Friday 19 December 2014

Moving Summarize

This is a tool I have been meaning to write for a long time.  It was requested at Inspire this year and I have had requests for it before that.

The basic premise is the ability to create a moving average (or in fact any moving summarize method).  For background on what a moving average is and why it is useful check out the excellent Wikipedia article on the subject http://en.wikipedia.org/wiki/Moving_average.

In simple terms a moving average creates for each row in a data-set the average of the last x number of rows.  The easiest way to do this without my new macro is to use a multi-row formula and write a formula to calculate the average.  Which works fine until you want a moving average of the last 30 rows for example, where upon writing the formula becomes a little tedious.

If you want to jump straight to the macro you can download it here.  If you are interested in how it works read on.

The basic premise of my macro is to use a summarize tool to calculate the moving summaries. Obvious huh?

So if we imagine a simple dataset with 9 records and we want to do a moving average of the previous 3 rows, we attach a RecordId and use a formula to group the records into groups of 3:

Ceil([RecordID]/3)


Then we can use a summarize tool grouping on the "Grouping formula" field and we have calculated our moving averages!



Wasn't that easy?  Well... OK... Those of you who were paying attention might be saying to yourself "wait a minute we've only calculated three of the answers!" and you would be right.  To be precise we have calculated the answer for rows 3, 6, and 9.  So how are we going to calculate the others?
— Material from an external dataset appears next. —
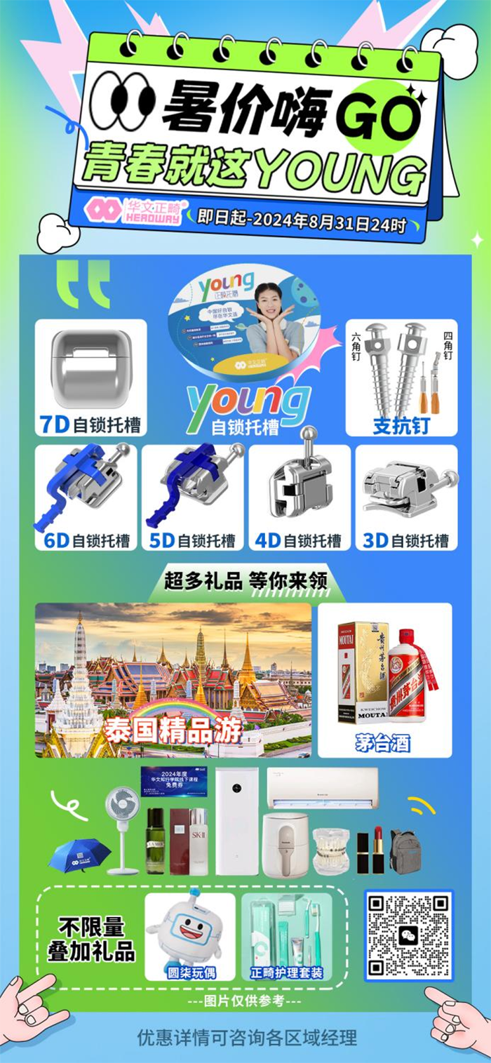為了讓口腔醫(yī)療機構囤定正畸耗材,滿足暑假超大量需求,華文正畸開展了滿額贈禮、增量送禮等優(yōu)惠活動。即日起至8月31日,下單華文正畸產品,即可享受大禮,活動覆蓋7D、6D、5D、4D、3D自鎖托槽、YOUNG自鎖托槽、支抗釘等多款產品。

Well this is when the macro gets interesting. We are going to use a batch macro to do that same process again and again until we have calculated all of our answers.  But of course we can't just run the exact same process or we'd just keep calculating the exact same results!  So each time we go round we "throw away" the first n records where n is the iteration number we are on - 1.

So second time round the loop.  Iteration 2 we throw away the first record and repeat:


Now we have calculated the answer for rows 4 and 7.  We also calculated a number that we didn't need (the 29.66667) but we will discard that at the end.

Then one last time round the loop.  Iteration 3 so discard the first 2 records an repeat:


Gives us the answer for rows 5 and 8 and we have all the answers we need.  Rows 1 and 2 don't have an answer as there are not three previous rows to summarize.

Then all we need to do is get all of the answers back together which we can do using this formula to map our new "Grouping formula" field back to our original RecordIds:

[Grouping formula]*3+[Engine.IterationNumber]

The great thing about this solution is it works as well for moving summarizes of 50 records as it does for 3 and also will work for any summarize method.  Moving Concatenate? Moving Create Centroid?

The final solution is then slightly more complex as I decided to give the user the ability to choose how many rows forwards and backwards they want to include in their moving summarize.  But that is just a case of working out how big a moving summarize we need to calculate and then appropriately offsetting the solution.

This macro will be included in the 2014 Q4 release of the CReW macro pack which should be out early next year or download it here now.